The principal sampling program consisted of full-depth CTD profiles with a maximum of 36 small-volume water samples per cast. Water samples were collected for salinity, dissolved oxygen, silicate, phosphate, nitrate, and nitrite from all sampled levels at all stations and for CFC- 11, CFC-12, CFC-113, CCl4, 3He, tritium, 14C, and CO2 system parameters at selected levels and stations. Large-volume sampling for 14C was carried out at 7 stations with 270-L Gerard barrels, with up to 18 samples per station in 2 casts. Check samples for salinity and silicate were analyzed from the Gerard barrels and their piggyback Niskin bottles. Separate surface-water samples were taken approximately one each day for analyses of 226Ra and 228Ra. Separate surface samples were filtered at each station for shore analyses of 13C in dissolved CO2.
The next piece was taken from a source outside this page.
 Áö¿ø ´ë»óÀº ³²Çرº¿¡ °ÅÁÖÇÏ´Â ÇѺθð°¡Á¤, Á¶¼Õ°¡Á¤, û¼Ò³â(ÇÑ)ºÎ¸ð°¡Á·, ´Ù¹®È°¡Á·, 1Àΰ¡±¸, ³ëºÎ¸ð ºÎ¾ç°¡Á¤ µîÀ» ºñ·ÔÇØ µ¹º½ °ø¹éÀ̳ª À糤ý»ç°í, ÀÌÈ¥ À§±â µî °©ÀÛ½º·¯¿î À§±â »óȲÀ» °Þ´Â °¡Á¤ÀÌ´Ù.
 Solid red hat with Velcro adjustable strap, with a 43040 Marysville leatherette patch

Rosette water samples were collected by the SIO Oceanographic Data Facility (ODF) from ODF-constructed 10-L sample bottles mounted on an ODF-constructed 36-bottle rosette sampler that used General Oceanics 24- and 12-place pylons. The rosette was equipped with an ODF-modified Neil Brown Instrument Systems (NBIS) Mark IIIb CTD for in-situ measurement of conductivity, temperature, pressure, and dissolved oxygen. A transmissometer belonging to Dr. Wilf Gardner, TAMU, was installed on the rosette and used at every station. A short-range (100 m) altimeter was mounted on the rosette frame and its data fed into the CTD data stream. A pinger on the rosette frame gave height-above-bottom throughout the water column. In every case the bottles were closed at selected depths during the up cast, after the winch had stopped at that depth. There were 106 CTD/rosette stations, each close to the bottom. Seven included one deep and one intermediate depth cast with Gerard barrels.
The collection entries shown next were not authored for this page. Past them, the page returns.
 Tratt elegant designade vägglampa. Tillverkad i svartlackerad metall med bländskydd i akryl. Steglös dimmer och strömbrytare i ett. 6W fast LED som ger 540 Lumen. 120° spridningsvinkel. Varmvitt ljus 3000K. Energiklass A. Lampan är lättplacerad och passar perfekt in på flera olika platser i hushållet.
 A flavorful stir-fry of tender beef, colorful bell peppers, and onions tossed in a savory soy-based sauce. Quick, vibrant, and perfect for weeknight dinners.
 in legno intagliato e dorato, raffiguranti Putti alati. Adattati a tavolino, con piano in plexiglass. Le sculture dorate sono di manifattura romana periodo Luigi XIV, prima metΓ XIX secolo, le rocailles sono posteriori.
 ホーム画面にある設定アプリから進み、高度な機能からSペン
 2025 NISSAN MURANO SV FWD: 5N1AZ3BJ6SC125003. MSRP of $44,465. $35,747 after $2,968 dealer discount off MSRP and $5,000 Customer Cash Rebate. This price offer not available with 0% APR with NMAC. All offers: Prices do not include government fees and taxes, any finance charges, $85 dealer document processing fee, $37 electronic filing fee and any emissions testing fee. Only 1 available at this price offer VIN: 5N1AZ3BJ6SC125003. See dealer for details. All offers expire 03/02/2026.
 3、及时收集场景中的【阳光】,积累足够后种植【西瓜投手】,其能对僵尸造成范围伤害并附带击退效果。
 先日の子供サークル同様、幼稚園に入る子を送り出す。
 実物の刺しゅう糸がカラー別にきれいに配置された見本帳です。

While on station and underway a shipboard ADCP system was operated. Underway surface measurements were also obtained for temperature, pCO2, and atmospheric CFCs. Sonic depth and position were recorded at 5-minute intervals between most stations and along selected portions of the long runs. Routine weather observations were collected at 4-hour intervals by the ship's officers, and an Improved Meteorological (IMET) system was operated by the R/V Knorr's resident technician.

The sea work was occasionally affected by high seas and swells generated by low-pressure cells in the region.